Instructions for the task: Return the data below exactly as given, except for the images.

Data for processing section start

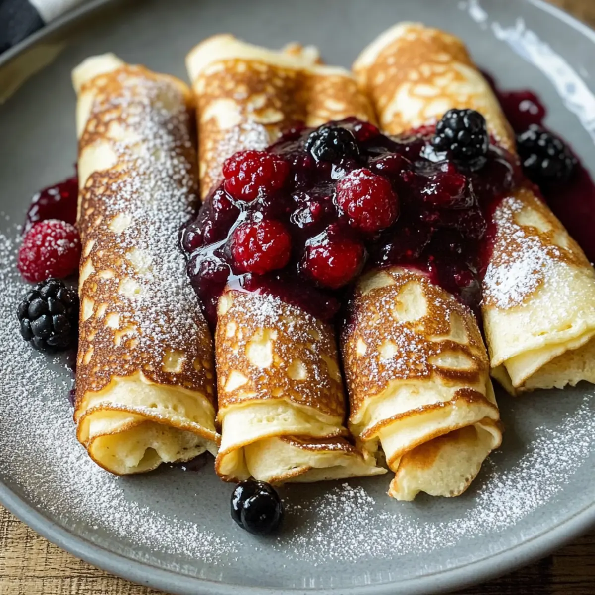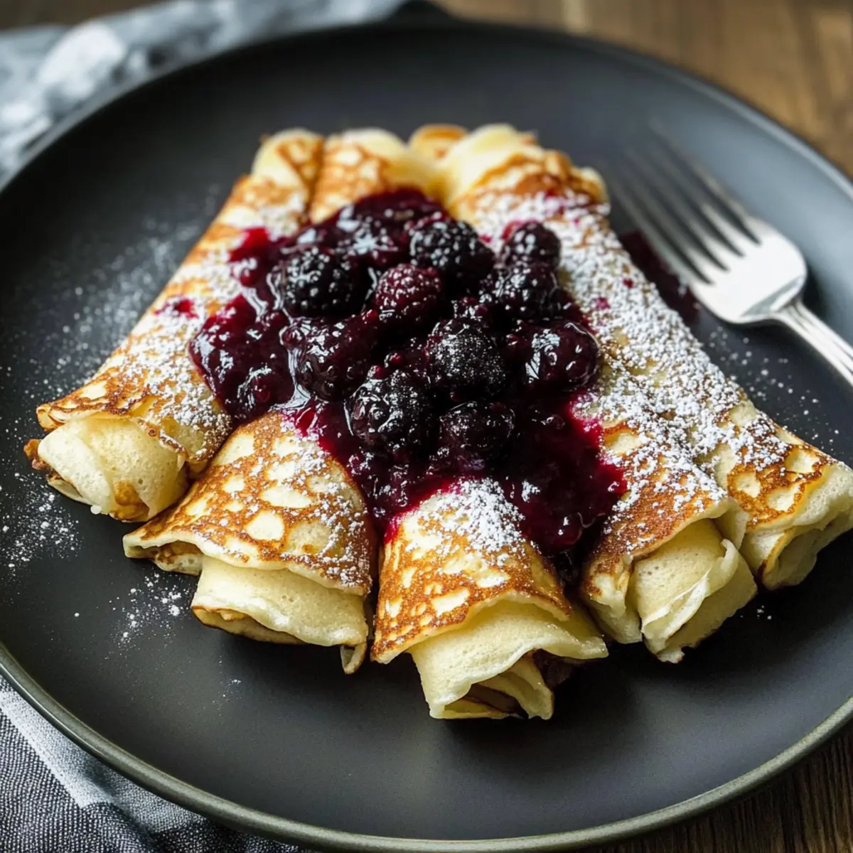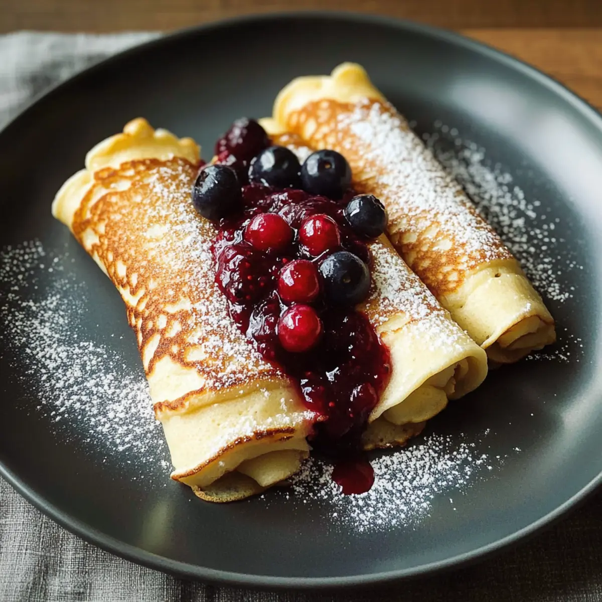 - Rolle die frischen, heißen Pfannkuchen auf und serviere sie sofort. Du kannst sie nach Belieben mit Puderzucker, einer fruchtigen Beerensauce oder Schlagsahne garnieren.
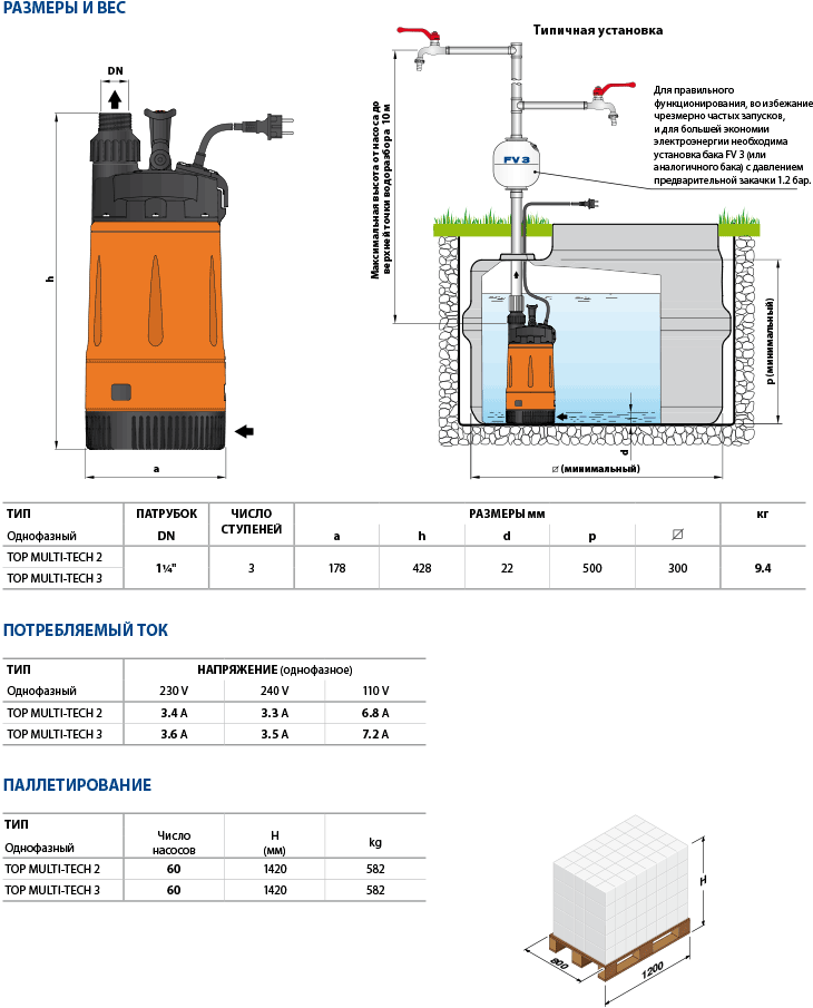 Погружные насосы Pedrollo TOP MULTI-TECH
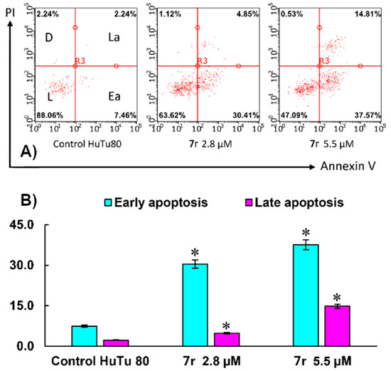 (A) Induction of apoptosis in HuTu 80 cells incubated with compound 7r at concentration IC50/2 (2.8 µM) and at concentration IC50 (5.5 µM) in HuTu 80 cells; L—living cells; D—dead cells; Ea.—early apoptotic cells; La.—late apoptotic cells; (B) Percentage of early apoptotic cells (cyan) and late apoptotic cells (magenta) in control HuTu 80 cells and HuTu 80 cells treated with compound 7r. Data are presented as mean ± SD of three independent experiments. * Values indicate p < 0.05 compared to control.
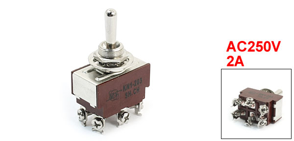 Product Name Toggle Switch Model KN1-203 Type DPDT Voltage & Current AC250V 2A Position 3 Position(ON/OFF/ON) Mounting Hole Diamter 12mm / 0.47" Main Body Size 34 x 20 x 19mm / 1.3" x 0.8" x 0.75"(L*W*H) Overall Height 58mm / 2.3" Material Metal & Resin Color As Picture Shown Weight 42g Package Content 1 x Toggle Switch - Reviews
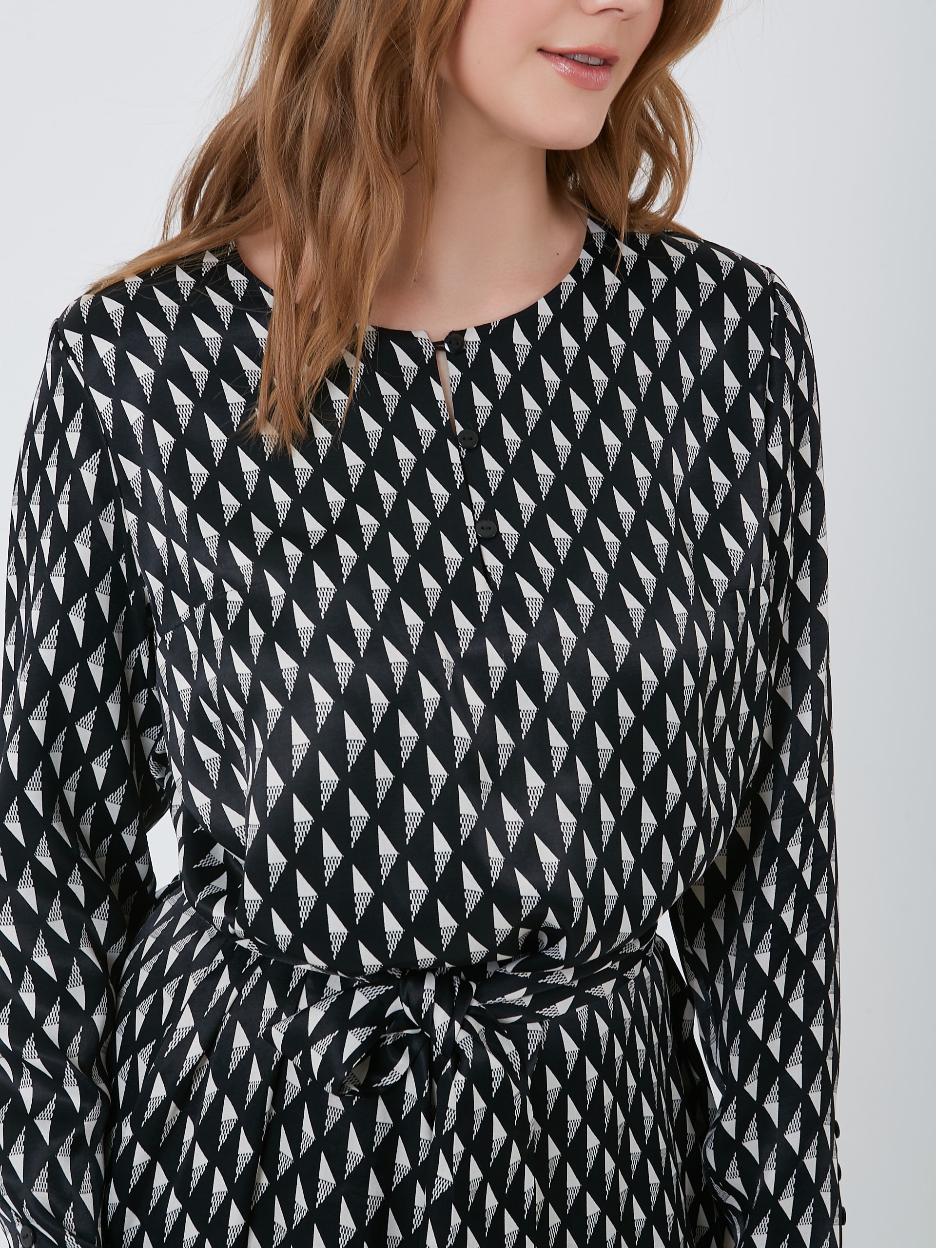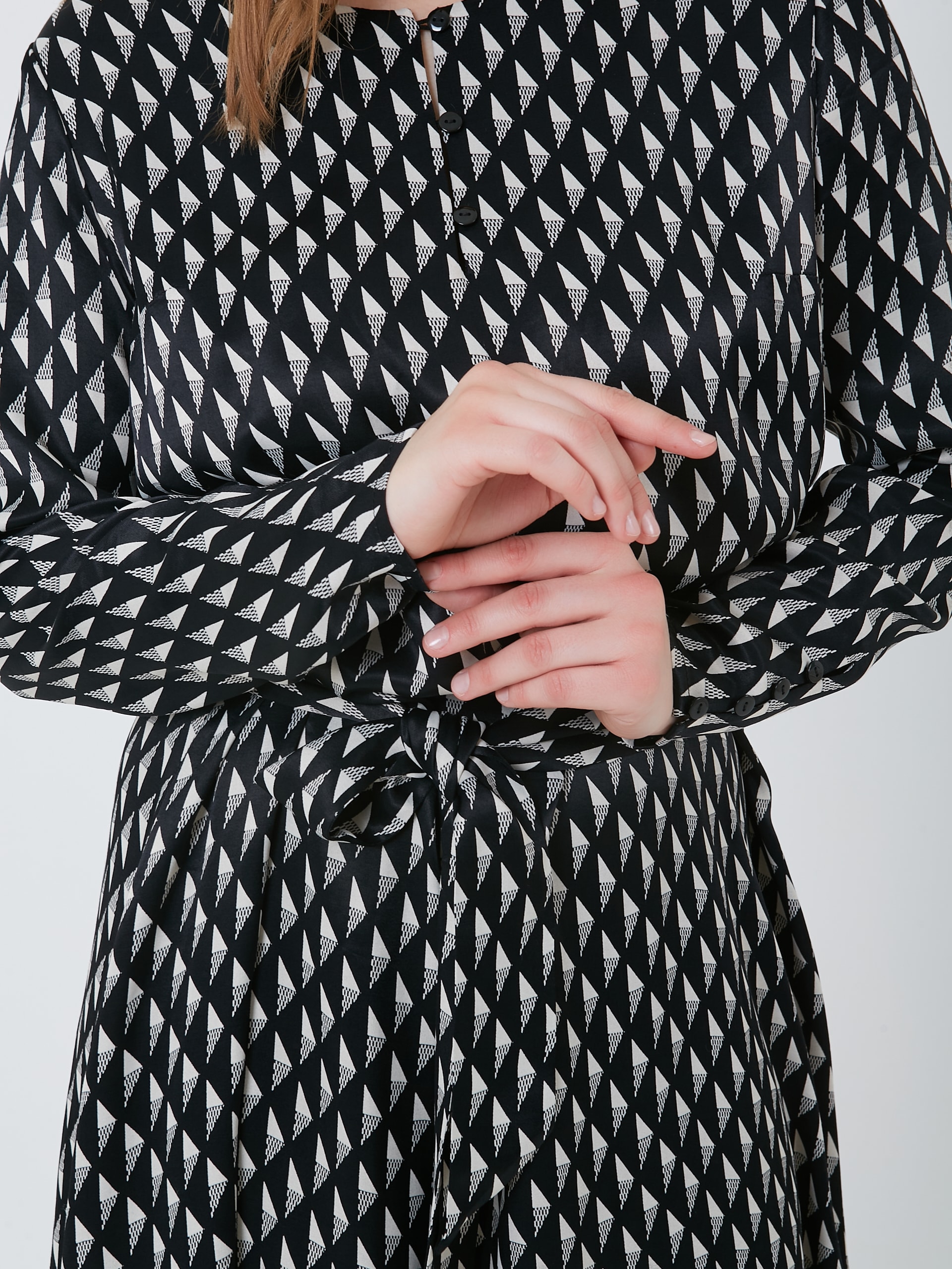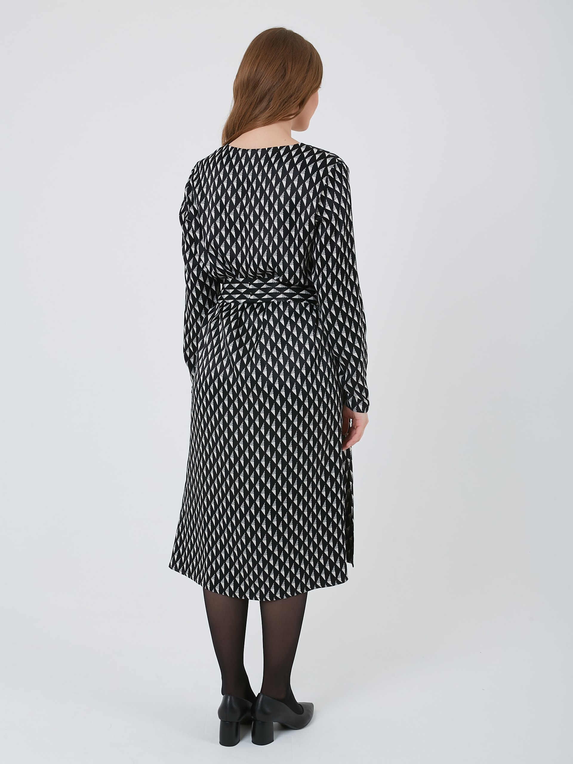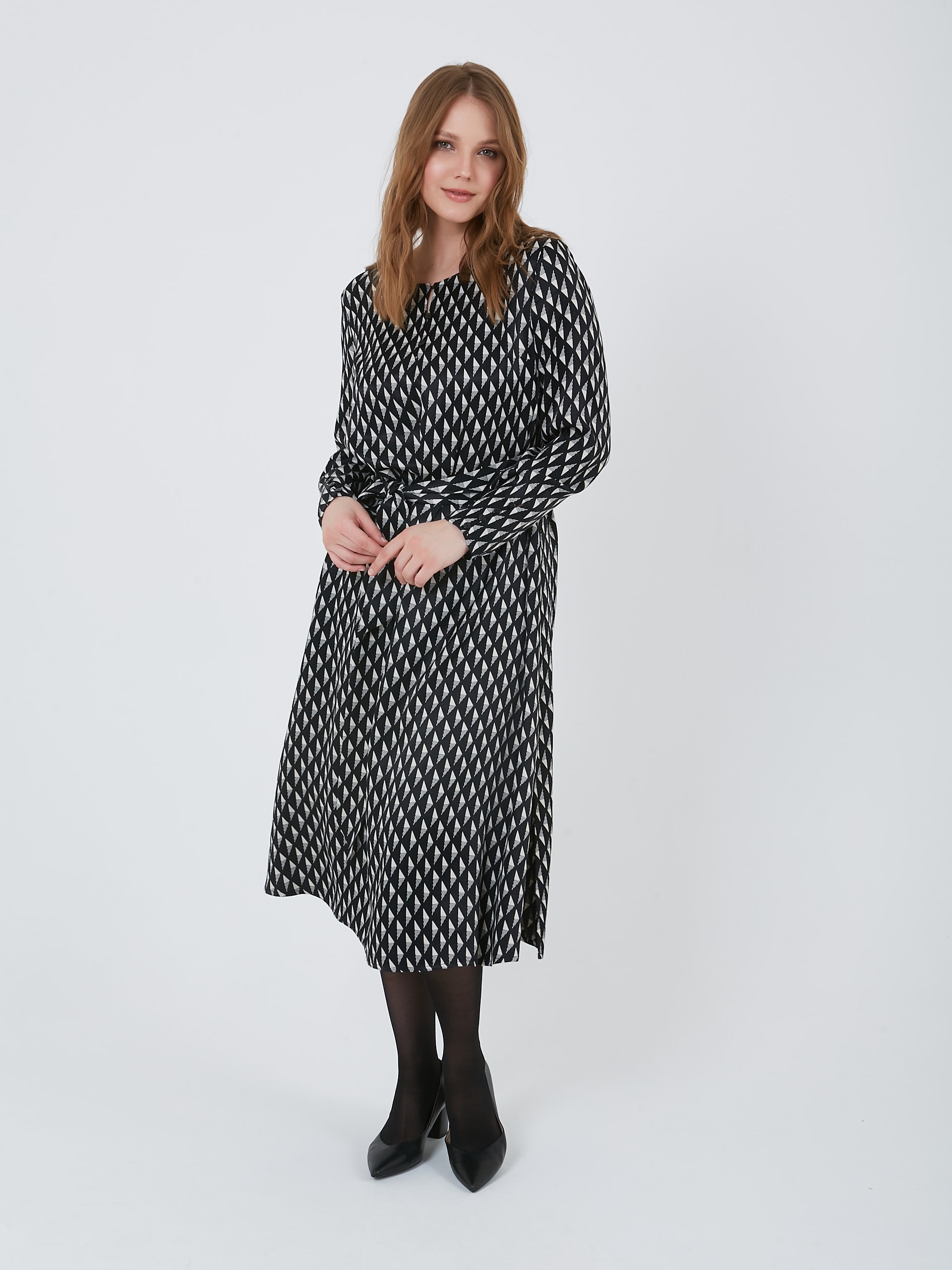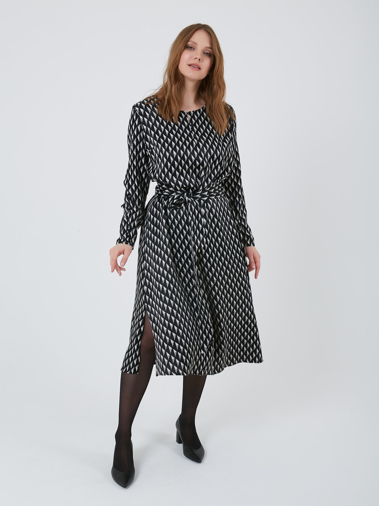 Комфортное чёрно-белое платье из вискозы с геометрическим принтом. Свободного кроя с поясом в комплекте. Коллекция Осень-Зима 2024-2025. Капсула "Амели".
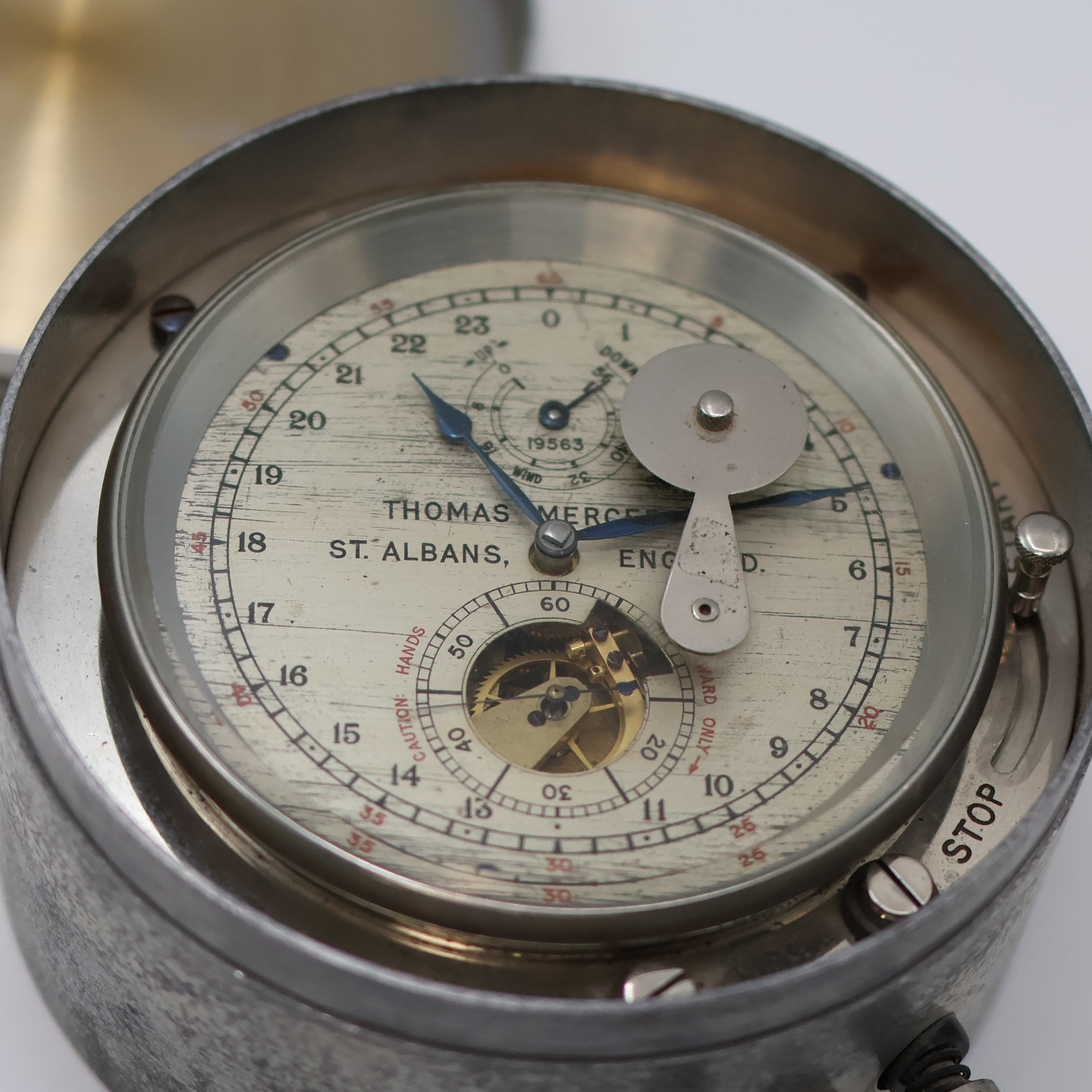 THOMAS MERCER Vermessungschronometer in Aluminium Gehäuse, England um 1945, 2-tlg.
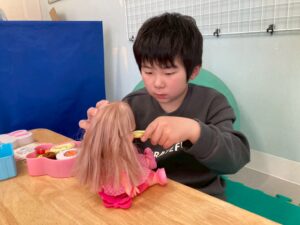 本日訓練室①では「2月の工作」を行いました。今回はたまごの殻を使い、雛祭り工作を作りました!
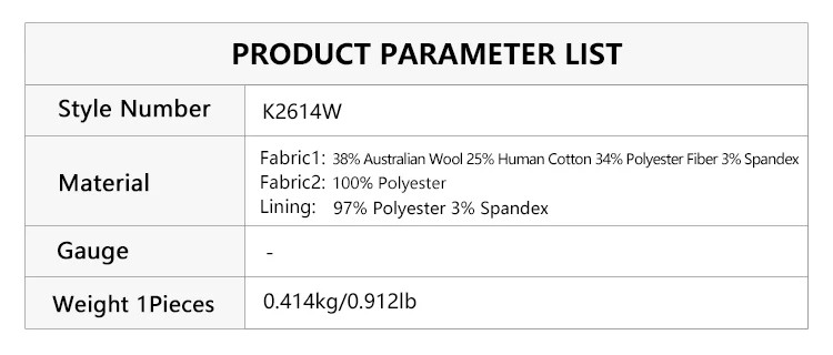 Hign-concerned Chemical:None Release Date:Autumn 2024 Craft of Weaving:Tat Season:Autumn/Winter Age:Middle Age Place Of Origin:China (mainland) Model Number:K2614W Pant Style:STRAIGHT Front Style:Flat Waist Type:MID Pattern Type:Solid Decoration:Embroidered Flares Closure Type:Zipper Fly Fabric Type:Blended Fit Type:Regular Style:Formal Length:full length Material:Cotton,POLYESTER,Wool,Spandex Gender:Women Origin:Mainland China Brand Name:Serathinan CN:Guangdong Elasticity:Slight Strech
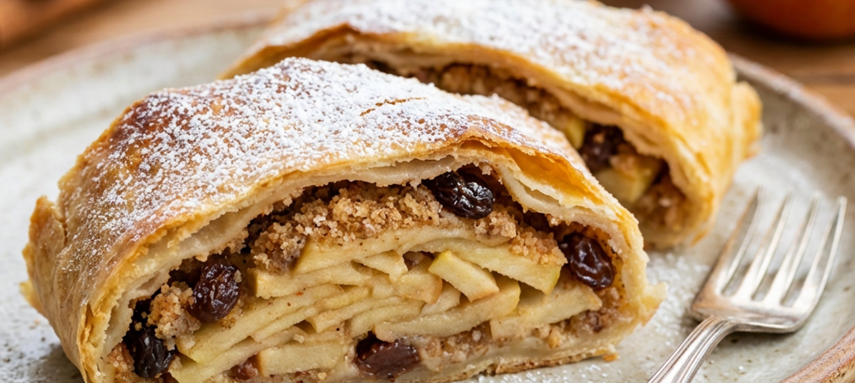 Apple strudel is best enjoyed with warm vanilla sauce.

Data for processing section end

Answer:
 - Rolle die frischen, heißen Pfannkuchen auf und serviere sie sofort. Du kannst sie nach Belieben mit Puderzucker, einer fruchtigen Beerensauce oder Schlagsahne garnieren.
 Погружные насосы Pedrollo TOP MULTI-TECH
 (A) Induction of apoptosis in HuTu 80 cells incubated with compound 7r at concentration IC50/2 (2.8 µM) and at concentration IC50 (5.5 µM) in HuTu 80 cells; L—living cells; D—dead cells; Ea.—early apoptotic cells; La.—late apoptotic cells; (B) Percentage of early apoptotic cells (cyan) and late apoptotic cells (magenta) in control HuTu 80 cells and HuTu 80 cells treated with compound 7r. Data are presented as mean ± SD of three independent experiments. * Values indicate p < 0.05 compared to control.
 Product Name Toggle Switch Model KN1-203 Type DPDT Voltage & Current AC250V 2A Position 3 Position(ON/OFF/ON) Mounting Hole Diamter 12mm / 0.47" Main Body Size 34 x 20 x 19mm / 1.3" x 0.8" x 0.75"(L*W*H) Overall Height 58mm / 2.3" Material Metal & Resin Color As Picture Shown Weight 42g Package Content 1 x Toggle Switch - Reviews
 Комфортное чёрно-белое платье из вискозы с геометрическим принтом. Свободного кроя с поясом в комплекте. Коллекция Осень-Зима 2024-2025. Капсула "Амели".
 THOMAS MERCER Vermessungschronometer in Aluminium Gehäuse, England um 1945, 2-tlg.
 本日訓練室①では「2月の工作」を行いました。今回はたまごの殻を使い、雛祭り工作を作りました!
 Hign-concerned Chemical:None Release Date:Autumn 2024 Craft of Weaving:Tat Season:Autumn/Winter Age:Middle Age Place Of Origin:China (mainland) Model Number:K2614W Pant Style:STRAIGHT Front Style:Flat Waist Type:MID Pattern Type:Solid Decoration:Embroidered Flares Closure Type:Zipper Fly Fabric Type:Blended Fit Type:Regular Style:Formal Length:full length Material:Cotton,POLYESTER,Wool,Spandex Gender:Women Origin:Mainland China Brand Name:Serathinan CN:Guangdong Elasticity:Slight Strech
 Apple strudel is best enjoyed with warm vanilla sauce.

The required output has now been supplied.